Stemming not working with tsearch2() function

Started by psql psqlabout 19 years ago6 messagesgeneral
Jump to latest
#1psql psql
psql@unrulymedia.com

Anyone know why to_tsvector('sausages') might return "sausages" while
to_tsvector('default','sausages') correctly returns "sausag"?

This is causing me a fairly major headache.
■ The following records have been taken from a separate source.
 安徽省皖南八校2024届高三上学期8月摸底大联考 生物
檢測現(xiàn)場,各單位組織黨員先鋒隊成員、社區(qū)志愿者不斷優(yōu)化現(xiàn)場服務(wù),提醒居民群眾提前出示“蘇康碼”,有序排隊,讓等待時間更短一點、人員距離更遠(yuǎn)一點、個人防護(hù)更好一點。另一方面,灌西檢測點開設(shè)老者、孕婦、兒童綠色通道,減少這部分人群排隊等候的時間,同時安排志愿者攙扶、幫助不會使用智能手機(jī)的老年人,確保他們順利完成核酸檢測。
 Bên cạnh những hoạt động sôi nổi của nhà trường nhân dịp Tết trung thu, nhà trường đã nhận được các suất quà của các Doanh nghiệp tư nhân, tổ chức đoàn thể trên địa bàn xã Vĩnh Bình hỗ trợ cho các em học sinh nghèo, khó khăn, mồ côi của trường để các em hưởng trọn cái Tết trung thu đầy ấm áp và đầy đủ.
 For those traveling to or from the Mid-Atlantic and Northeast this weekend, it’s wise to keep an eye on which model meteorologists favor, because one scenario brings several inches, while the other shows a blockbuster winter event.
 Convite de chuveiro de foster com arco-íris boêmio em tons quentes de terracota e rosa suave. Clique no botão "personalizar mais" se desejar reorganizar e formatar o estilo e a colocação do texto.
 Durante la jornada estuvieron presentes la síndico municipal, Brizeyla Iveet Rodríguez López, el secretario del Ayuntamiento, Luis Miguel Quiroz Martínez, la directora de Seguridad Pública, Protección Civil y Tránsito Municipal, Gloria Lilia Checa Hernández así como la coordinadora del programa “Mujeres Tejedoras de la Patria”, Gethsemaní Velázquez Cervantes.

I am guessing that the
tsearch2() function used in my trigger is not specifying "default" when
creating the tsvector since the words be put into the vector are not
correctly stemmed (if that is the correct term).

I figure this may be something to do with locale settings, other info:

postgresql version 8.2.4 (upgraded from 8.2.0 by rpm on Fedora Core 6 and
prior to that from a 7.x version although i reinstalled tsearch2)

SELECT * from pg_ts_cfg;
ts_name | prs_name | locale
-----------------+----------+--------------
default_russian | default | ru_RU.KOI8-R
utf8_russian | default | ru_RU.UTF-8
simple | default | en_US.UTF-8
default | default | en_US.UTF-8

lc_collate | en_US.UTF-8
lc_ctype | en_US.UTF-8
lc_messages | en_US.UTF-8
lc_monetary | en_US.UTF-8
lc_numeric | en_US.UTF-8
lc_time | en_US.UTF-8

#2Oleg Bartunov
oleg@sai.msu.su
In reply to: psql psql (#1)
Re: Stemming not working with tsearch2() function

On Mon, 30 Apr 2007, psql psql wrote:

Anyone know why to_tsvector('sausages') might return "sausages" while
to_tsvector('default','sausages') correctly returns "sausag"?
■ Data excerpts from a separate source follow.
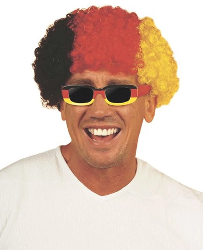 Perruque pop afro rouge, jaune noire aux couleurs de la belgique ou de l’allemagne
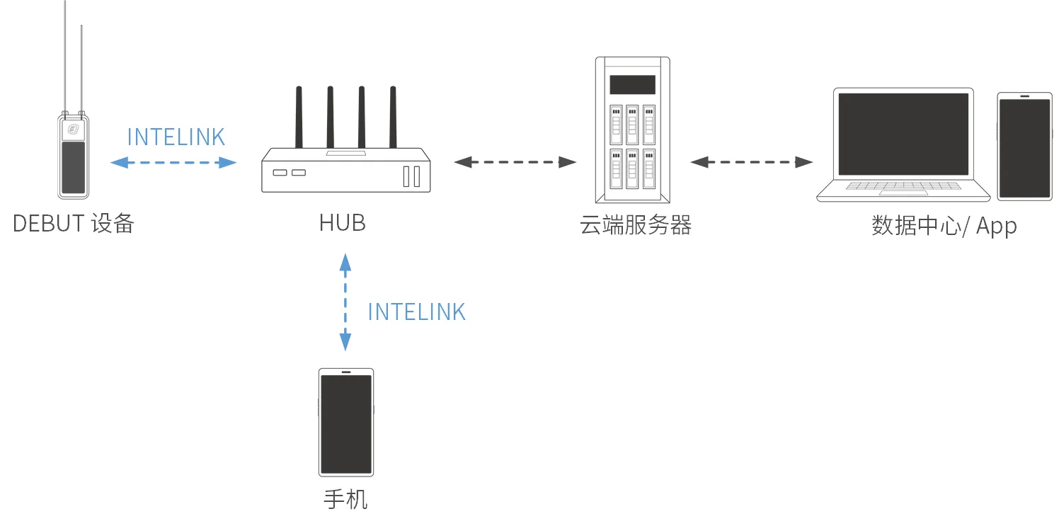 手机可用作 DEBUT 设备的网关,但通信距离有限。您可以使用 HUB 作为中继将通信距离延长至 1500 米(取决于实际环境)。
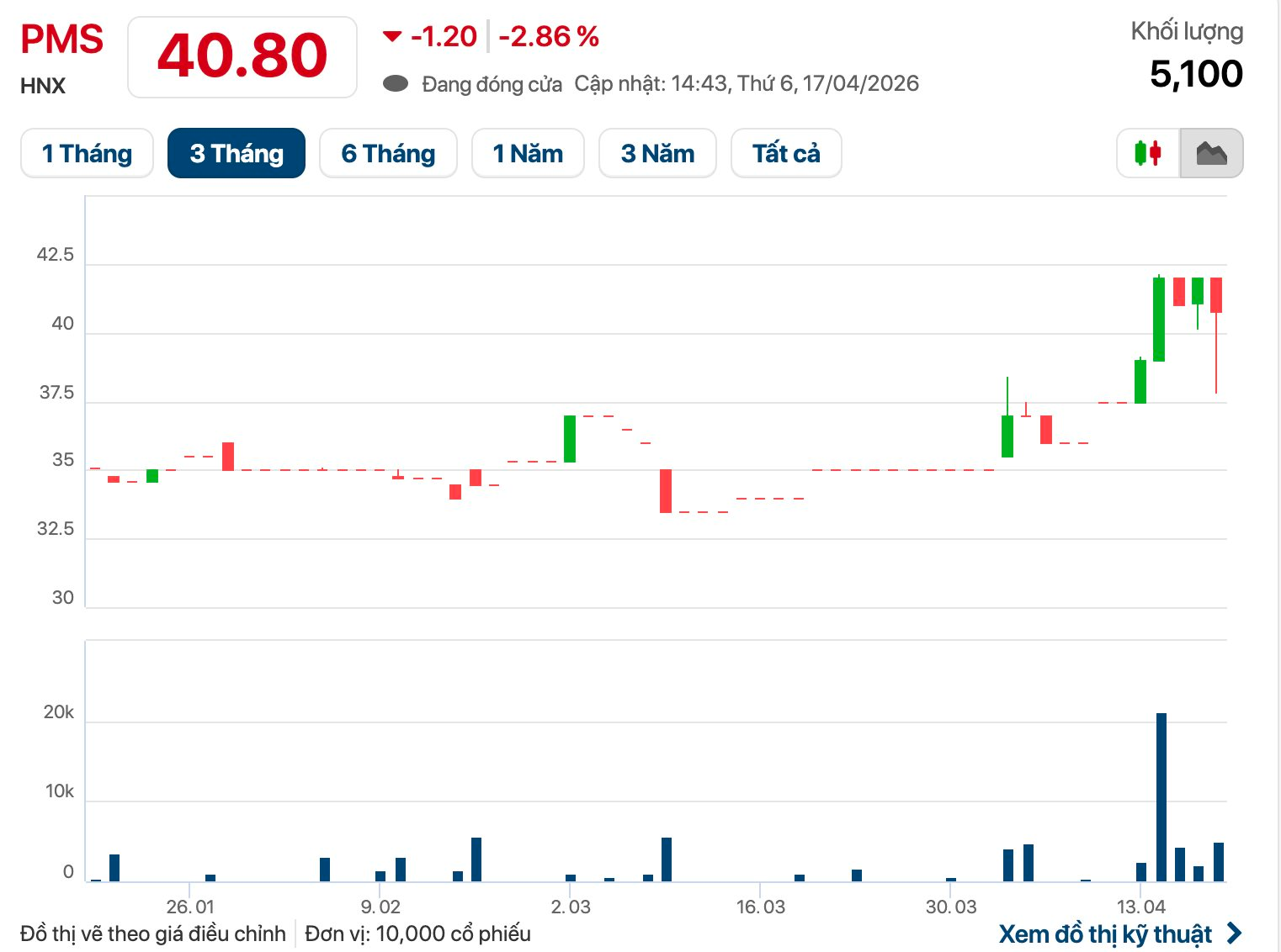 Trên thị trường chứng khoán, kết phiên 17/4, cổ phiếu PMS có giá là 40.800 đồng/cp. Vốn hoá thị trường đạt 293 tỷ đồng.

This is causing me a fairly major headache. I am guessing that the
tsearch2() function used in my trigger is not specifying "default" when
creating the tsvector since the words be put into the vector are not
correctly stemmed (if that is the correct term).
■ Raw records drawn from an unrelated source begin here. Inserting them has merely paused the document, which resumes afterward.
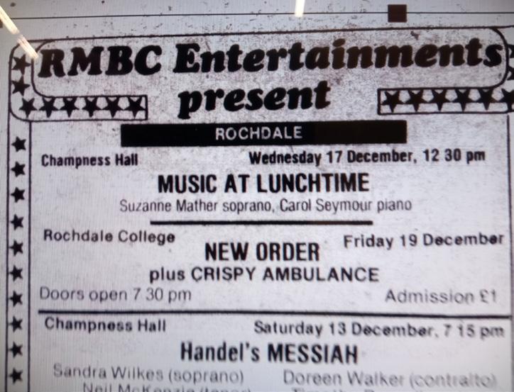 – the same building on St Mary's Gate that is now known as Hopwood Hall College – was presumably in the main hall. I remember attending public meetings there in the early 1980s. This is roughly where the Riverside Salon is now situated. Promoted by the council's entertainments department, tickets costs just £1. The support band were another Factory band, Crispy Ambulance whose singer, Alan Hempsall had once stood in for Ian Curtis at a gig in Bury.
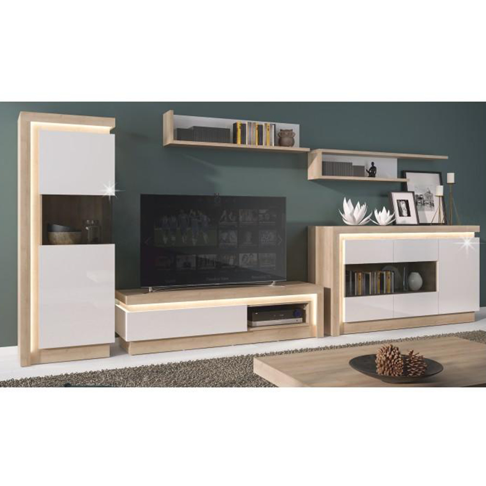 RTV stolek ze sektorové sestavy LEONARDO v provedení dub riviera / bílá s vysokým leskem. Rozměry (ŠxHxV): 130x42x42 cm Tloušťka materálu: 16 mm Systém tichého dorazu šuplíků LED osvětlení po obvodu je v ceně Dodávané v demontu Hmotnost: 36kg
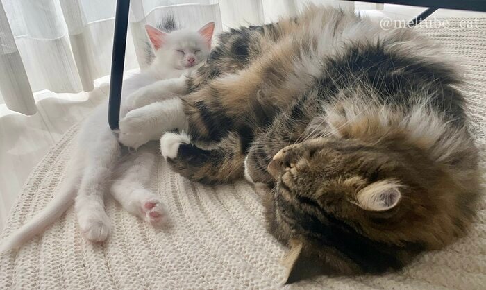 マオくんは生後2週間頃、時折雨の降る日に人の少ない場所で捨てられていたといいます。のちに現在の飼い主さんや、先住猫のメルくんと一緒に暮らすことになりました。
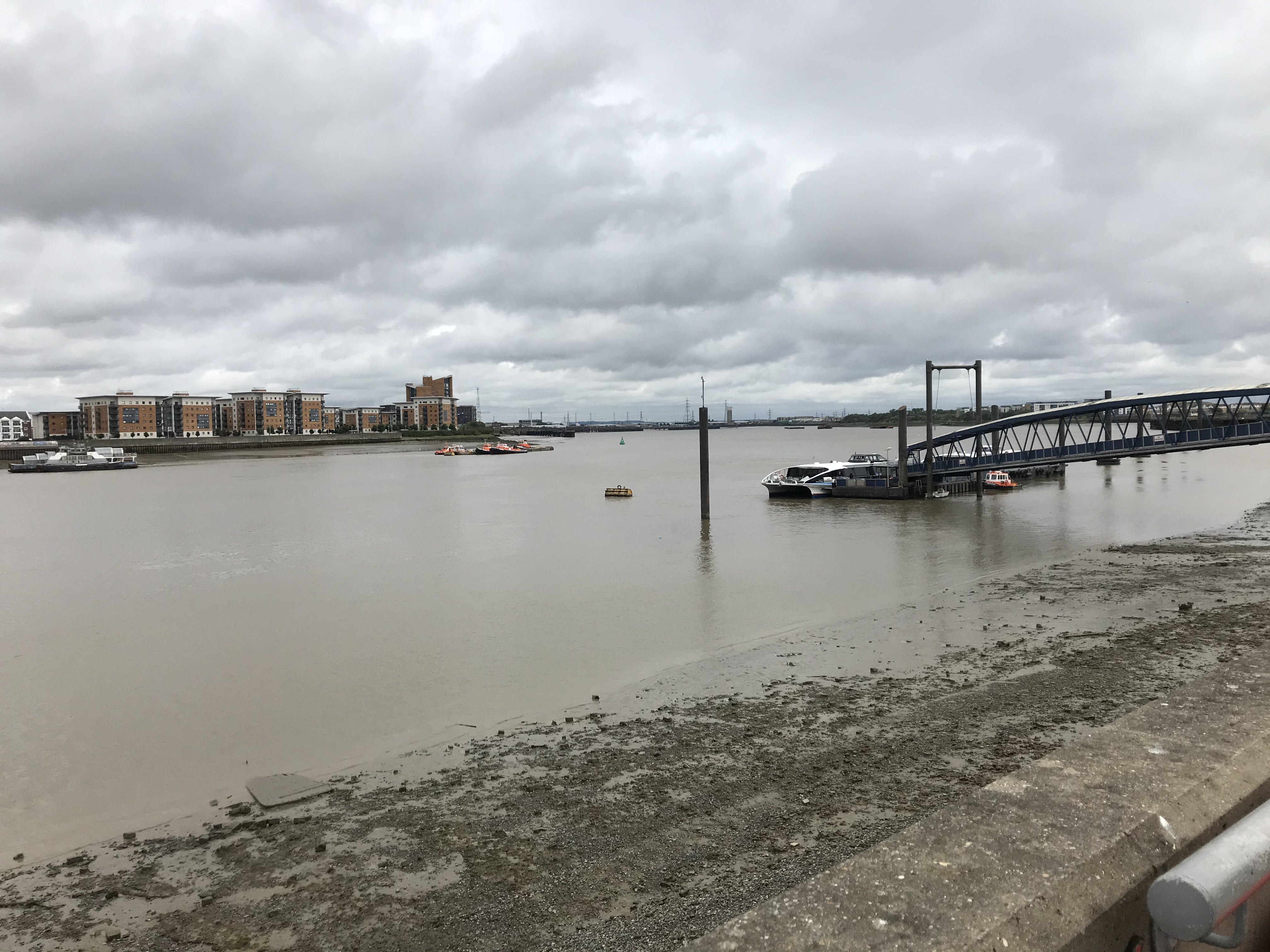 Footpaths run along the river. Plenty of places to peer down at the mud, looking for treasure. (But only seeing mud, and rubbish, and some muddy birds.)
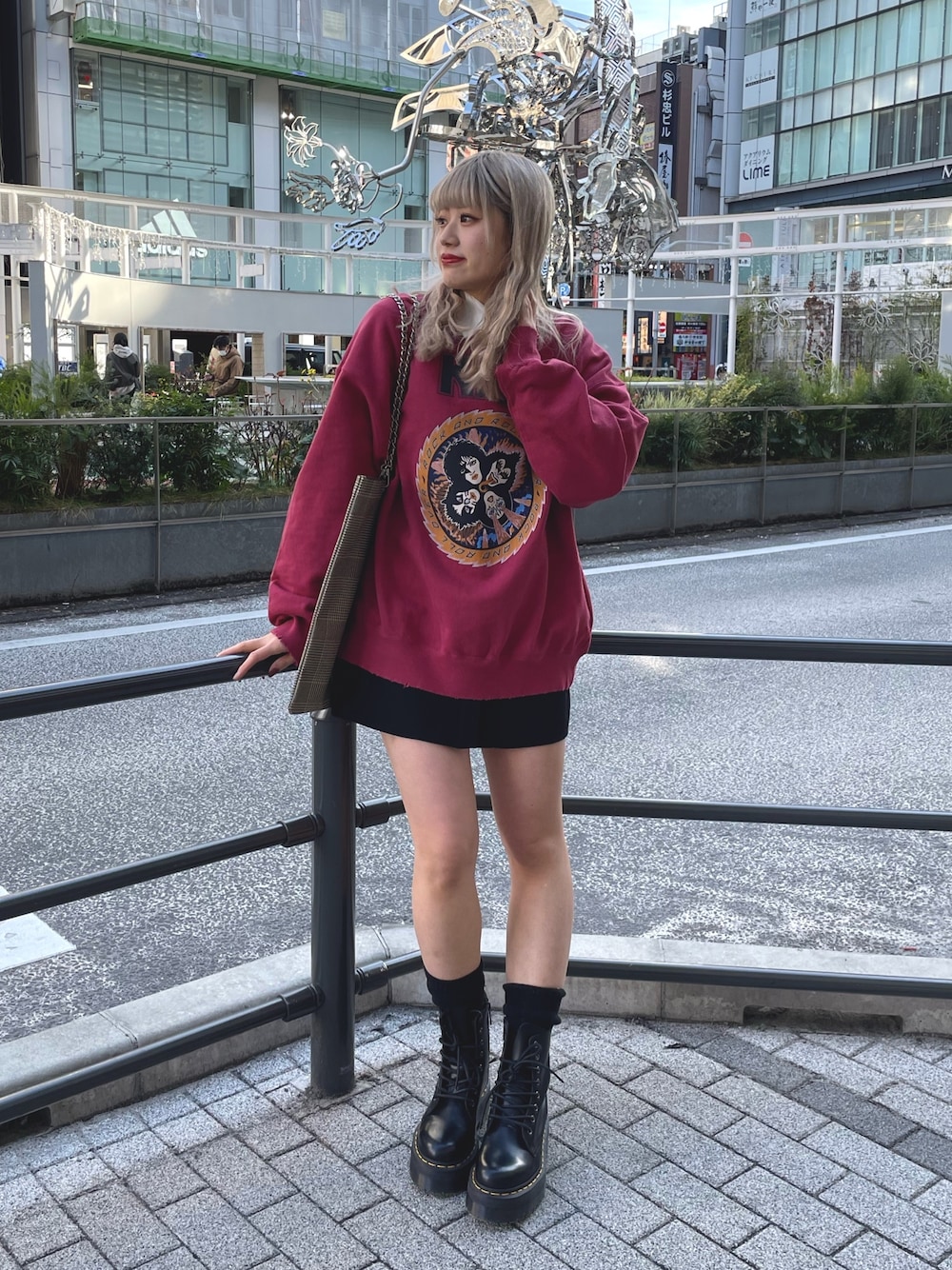 MOMOKA(jouetie)のスウェット「KISS ダメージプルオーバー【コラボ】」を使ったコーディネート

I figure this may be something to do with locale settings, other info:

it'is. Read http://www.sai.msu.su/~megera/wiki/Tsearch_V2_Notes

postgresql version 8.2.4 (upgraded from 8.2.0 by rpm on Fedora Core 6 and
prior to that from a 7.x version although i reinstalled tsearch2)

SELECT * from pg_ts_cfg;
ts_name | prs_name | locale
-----------------+----------+--------------
default_russian | default | ru_RU.KOI8-R
utf8_russian | default | ru_RU.UTF-8
simple | default | en_US.UTF-8
default | default | en_US.UTF-8

lc_collate | en_US.UTF-8
lc_ctype | en_US.UTF-8
lc_messages | en_US.UTF-8
lc_monetary | en_US.UTF-8
lc_numeric | en_US.UTF-8
lc_time | en_US.UTF-8

Regards,
Oleg
_____________________________________________________________
Oleg Bartunov, Research Scientist, Head of AstroNet (www.astronet.ru),
Sternberg Astronomical Institute, Moscow University, Russia
Internet: oleg@sai.msu.su, http://www.sai.msu.su/~megera/
phone: +007(495)939-16-83, +007(495)939-23-83

#3psql psql
psql@unrulymedia.com
In reply to: Oleg Bartunov (#2)
Re: Stemming not working with tsearch2() function

On 4/30/07, Oleg Bartunov <oleg@sai.msu.su> wrote:

On Mon, 30 Apr 2007, psql psql wrote:

Anyone know why to_tsvector('sausages') might return "sausages" while
to_tsvector('default','sausages') correctly returns "sausag"?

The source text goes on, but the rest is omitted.